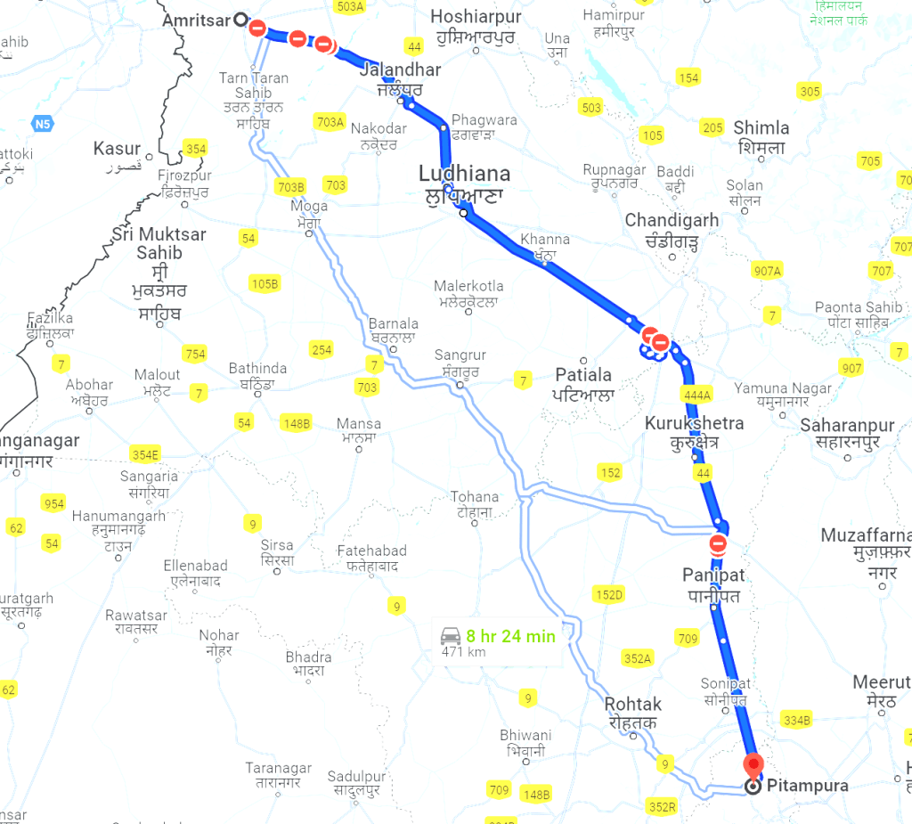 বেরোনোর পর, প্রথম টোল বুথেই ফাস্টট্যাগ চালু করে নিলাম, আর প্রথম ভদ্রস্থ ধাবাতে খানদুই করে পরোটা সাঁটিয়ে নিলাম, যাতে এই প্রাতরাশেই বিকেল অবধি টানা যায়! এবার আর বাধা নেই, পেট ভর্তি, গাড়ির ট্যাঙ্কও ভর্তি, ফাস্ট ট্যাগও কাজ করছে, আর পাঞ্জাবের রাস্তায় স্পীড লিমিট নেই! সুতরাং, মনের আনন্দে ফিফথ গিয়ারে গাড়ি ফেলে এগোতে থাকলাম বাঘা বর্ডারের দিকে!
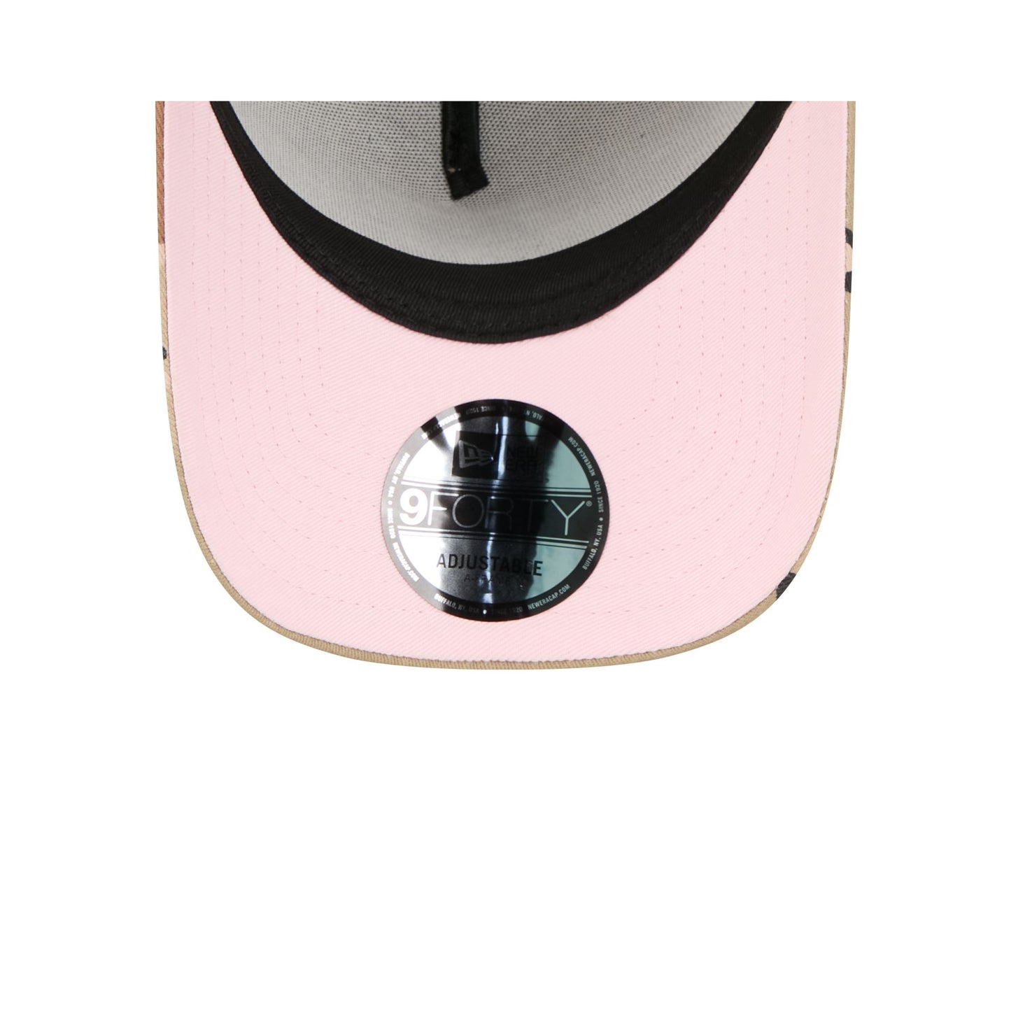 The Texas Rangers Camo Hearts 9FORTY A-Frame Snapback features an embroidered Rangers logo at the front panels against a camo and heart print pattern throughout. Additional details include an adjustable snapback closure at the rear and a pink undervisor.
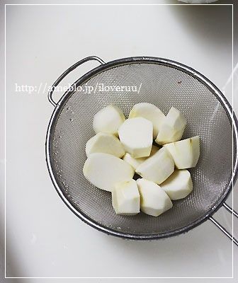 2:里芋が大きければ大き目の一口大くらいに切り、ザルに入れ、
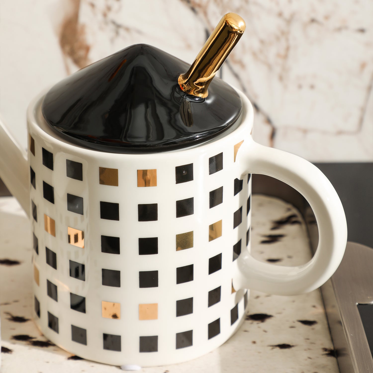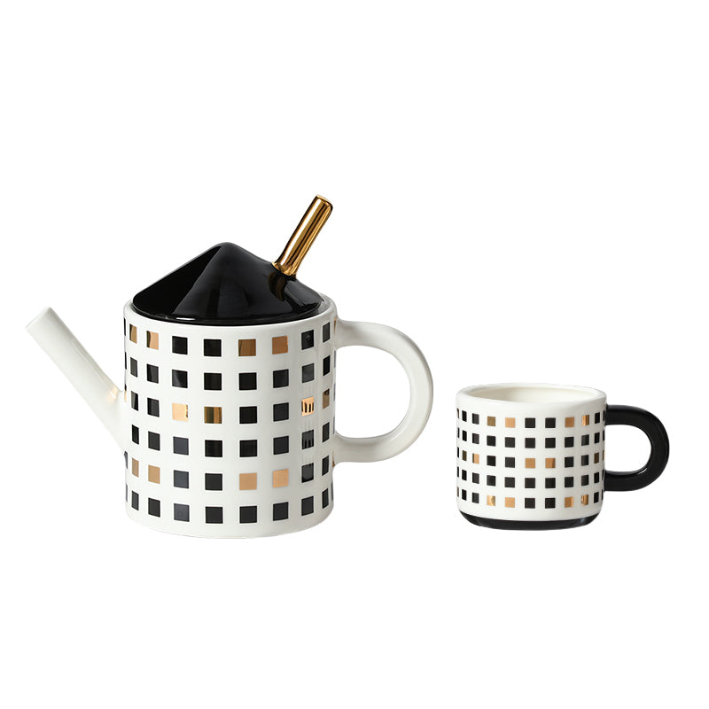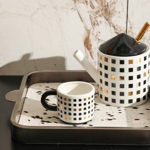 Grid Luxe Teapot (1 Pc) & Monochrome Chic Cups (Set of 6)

• • • •

Every line from the one holding "The Texas Rangers" through the final line of the data above is to be reproduced exactly, both ends included, with the pictures left out.

• **Answer**:
 The Texas Rangers Camo Hearts 9FORTY A-Frame Snapback features an embroidered Rangers logo at the front panels against a camo and heart print pattern throughout. Additional details include an adjustable snapback closure at the rear and a pink undervisor.
 2:里芋が大きければ大き目の一口大くらいに切り、ザルに入れ、
 Grid Luxe Teapot (1 Pc) & Monochrome Chic Cups (Set of 6)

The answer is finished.